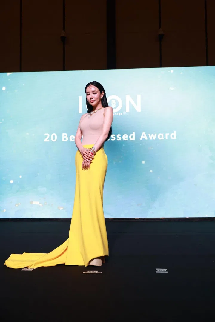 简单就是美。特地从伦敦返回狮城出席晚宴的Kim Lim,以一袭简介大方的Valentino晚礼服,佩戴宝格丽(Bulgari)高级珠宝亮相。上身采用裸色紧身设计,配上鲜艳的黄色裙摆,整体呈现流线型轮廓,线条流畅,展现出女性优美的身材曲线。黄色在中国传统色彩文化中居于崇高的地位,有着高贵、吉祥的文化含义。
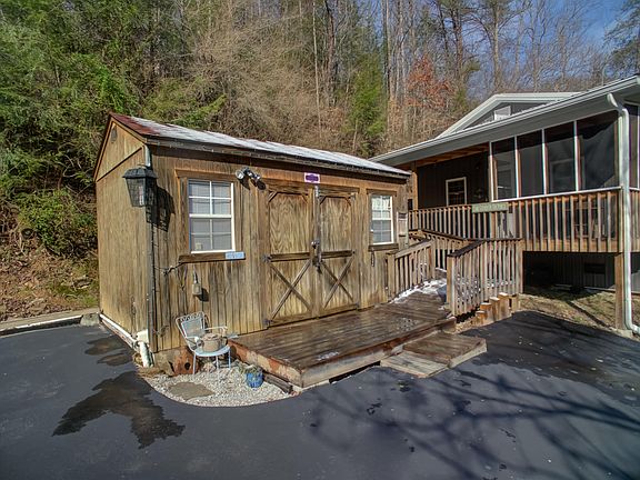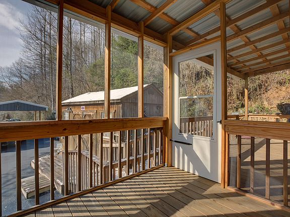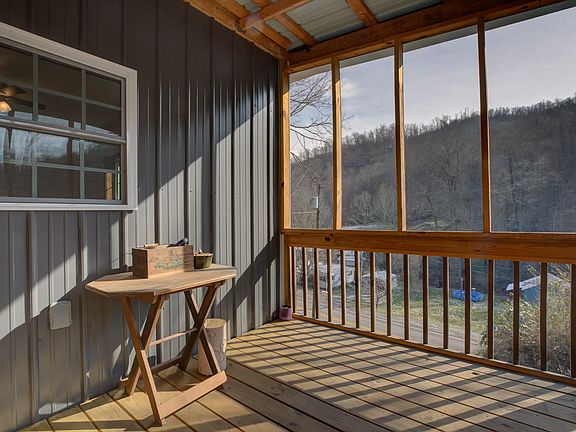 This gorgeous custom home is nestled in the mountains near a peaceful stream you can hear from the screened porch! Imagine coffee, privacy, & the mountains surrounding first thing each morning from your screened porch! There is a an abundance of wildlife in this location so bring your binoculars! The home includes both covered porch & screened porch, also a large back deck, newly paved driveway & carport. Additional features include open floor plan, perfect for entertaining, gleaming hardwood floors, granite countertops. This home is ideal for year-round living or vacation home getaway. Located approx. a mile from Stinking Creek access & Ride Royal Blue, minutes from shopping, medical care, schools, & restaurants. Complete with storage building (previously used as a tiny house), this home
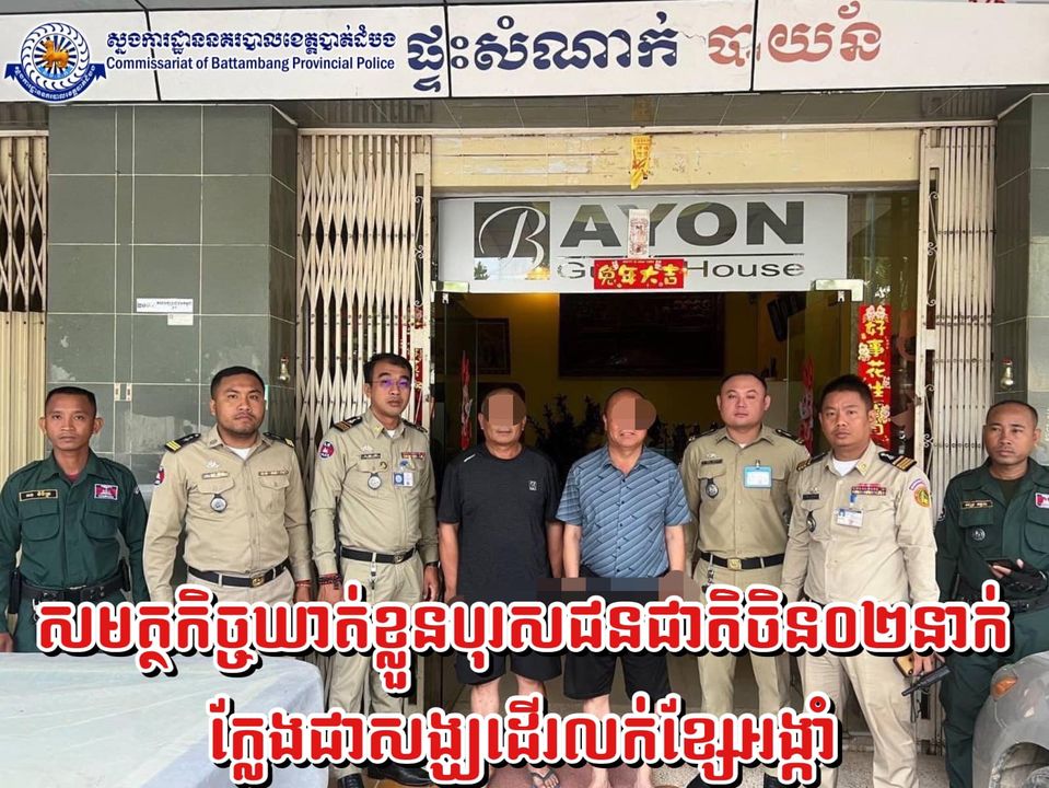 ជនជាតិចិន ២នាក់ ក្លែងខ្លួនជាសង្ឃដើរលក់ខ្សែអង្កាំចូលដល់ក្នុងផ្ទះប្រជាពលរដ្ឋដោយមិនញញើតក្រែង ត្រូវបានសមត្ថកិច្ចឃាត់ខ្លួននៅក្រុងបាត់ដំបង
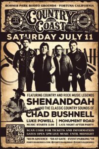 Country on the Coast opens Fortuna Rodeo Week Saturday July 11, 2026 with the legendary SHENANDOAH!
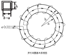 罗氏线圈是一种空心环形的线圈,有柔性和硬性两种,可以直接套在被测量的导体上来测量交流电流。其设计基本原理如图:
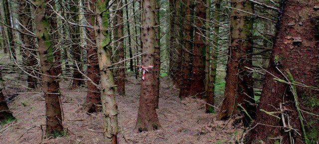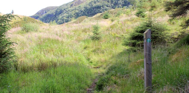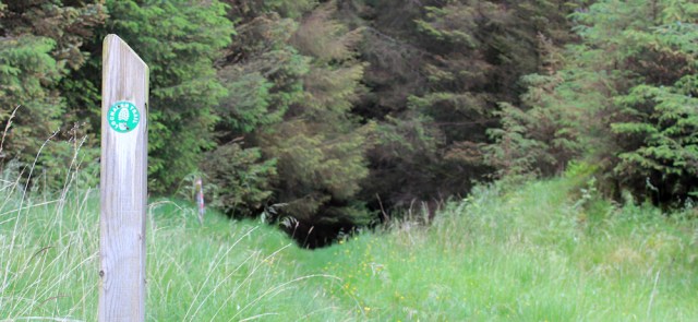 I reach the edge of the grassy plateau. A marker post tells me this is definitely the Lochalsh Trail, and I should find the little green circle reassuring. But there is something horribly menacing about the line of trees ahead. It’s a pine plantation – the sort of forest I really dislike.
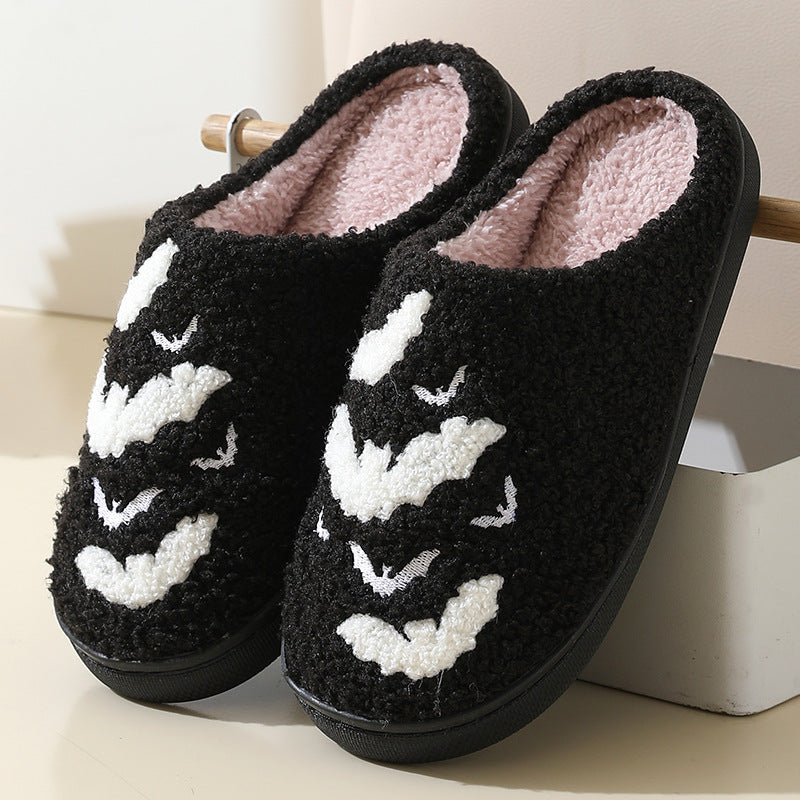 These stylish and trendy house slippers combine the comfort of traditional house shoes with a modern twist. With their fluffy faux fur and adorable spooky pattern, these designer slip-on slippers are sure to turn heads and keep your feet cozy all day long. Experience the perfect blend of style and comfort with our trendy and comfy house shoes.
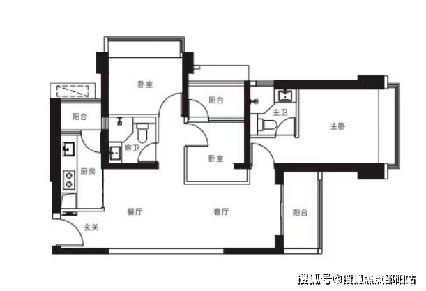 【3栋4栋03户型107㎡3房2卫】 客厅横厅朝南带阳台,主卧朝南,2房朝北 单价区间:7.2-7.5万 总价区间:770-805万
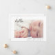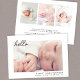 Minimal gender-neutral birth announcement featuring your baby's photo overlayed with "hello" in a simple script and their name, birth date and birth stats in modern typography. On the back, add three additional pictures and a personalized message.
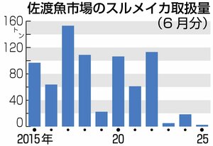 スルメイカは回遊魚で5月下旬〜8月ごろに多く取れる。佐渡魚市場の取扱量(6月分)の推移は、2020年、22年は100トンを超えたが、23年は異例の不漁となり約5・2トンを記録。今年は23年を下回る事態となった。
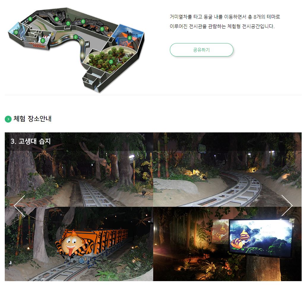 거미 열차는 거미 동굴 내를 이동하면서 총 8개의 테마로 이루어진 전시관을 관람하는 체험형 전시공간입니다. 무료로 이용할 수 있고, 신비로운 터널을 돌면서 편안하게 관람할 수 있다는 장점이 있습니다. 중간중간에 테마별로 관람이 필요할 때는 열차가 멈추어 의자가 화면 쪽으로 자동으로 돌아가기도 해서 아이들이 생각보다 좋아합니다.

----------

Give back exactly the lines above from the one with "Country on the" through the one with "I reach the", both included. Pictures don't belong in the copy.

#### [Answer to this problem]
 Country on the Coast opens Fortuna Rodeo Week Saturday July 11, 2026 with the legendary SHENANDOAH!
 罗氏线圈是一种空心环形的线圈,有柔性和硬性两种,可以直接套在被测量的导体上来测量交流电流。其设计基本原理如图:
 I reach the edge of the grassy plateau. A marker post tells me this is definitely the Lochalsh Trail, and I should find the little green circle reassuring. But there is something horribly menacing about the line of trees ahead. It’s a pine plantation – the sort of forest I really dislike.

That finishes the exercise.